Reviewer: badestbitchhh_
Cover:
The structuring of the cover revolves around the plot element and describes the story. It's neat and clean which makes it look attractive and read-worthy but the pink color used in the "centimeters" font is not blending in with the cover, I'll suggest you either choose the soft pink color from the background or black to replace it.
Title:
I yet again like how you used the plot element so deliberately, although it's not that obvious before you read the whole book. For the first time, I thought it was just for relevance but I was wrong, it has a deeper connection with the plot.
Description:
The description is intriguing but the structuring is wrong. Rather than adding dividers and stating YOONMIN AU, you could have finished the whole write-up and then added that it's a Yoonmin AU. I'll also advise you to use the second part as the first one and the first part after that.
Plot:
The plot held deep meaning and teaching for the readers. Even the structuring was good and the usage was done amazingly.
Storyline:
The order was good and I felt the connection but failed to understand a few chapters. Rather than explaining in the last, try detailing every chapter so that the readers are not kept in confusion for so long. Besides that, it was unique to have these kinds of chapters which made me read it till the end with plenty of interest.
Dialogue Delivery:
There were only a few dialogues since the message was more from the thoughts but I still think you could increase the number of dialogues by a bit. Also, I'll advise you to state which perspective you are using in the chapter itself, otherwise, it's a bit confusing.
Indulgent:
I really liked the story and the meaning behind it was good but proper description and statements could have been used to eschew any kind of bemusement.
Characters:
The character description needs improvement since there were only minor details mentioned. The development was quite an inspiration but I'll suggest you write both sides of the story; include Yoongi's point of view more often.
Pace:
The pace was quite good, neither that fast nor that slow, although a few parts seemed a bit fast, like Taehyung's feelings for Jimin. You could have provided more about him, explain their theory, and then reveal this part.
Grammar and Vocab:
Short sentences: At times, I thought it was unnecessary to have two sentences like I got confused. You smiled. This could have been written as I got confused whilst...you smiled.

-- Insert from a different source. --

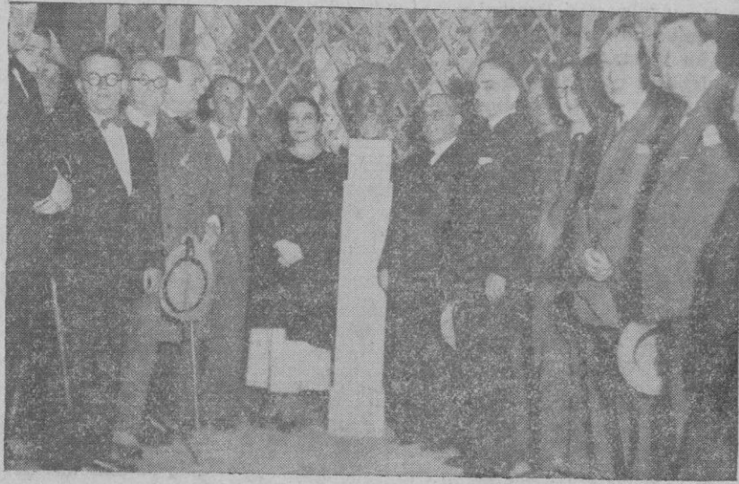
EL HOMENAJE A RUSIÑOL

Esta, como hemos dicho, debe empeñarse en desterrar de los pisos de nuestras calles el afirmado de terrisco, porque ya no sirve. El tránsito de los modernos vehículos lo quebranta apenas hecho. Es necesario dotar a todas las vías públicas de un piso más resistente. Así conviene a la comodidad del vecindario y a los propios intereses de la administración comunal.

Sentence structuring: Some sentences could have been better, for instance: I heard the signal bell go off. The black and yellow bars lowered down. This could be written as, hearing the signal bell go off, the black and yellow bars lowered down.
Punctuation: There were a few punctuation mistakes like
The last one we shared, It's been three, four months huh?
Here, you should have added an apostrophe(') after It, remove the capitalization from I and add a dash(-) in between three and four.
Strengths: Perspective and voice.
Weakness: Proper description/explanation along with grammar.
Suggestion: I would suggest you read books that have advanced grammar and try writing incidents from your daily life as meticulously as possible. It will help you get a sharper mind and a broader knowledge of both aspects.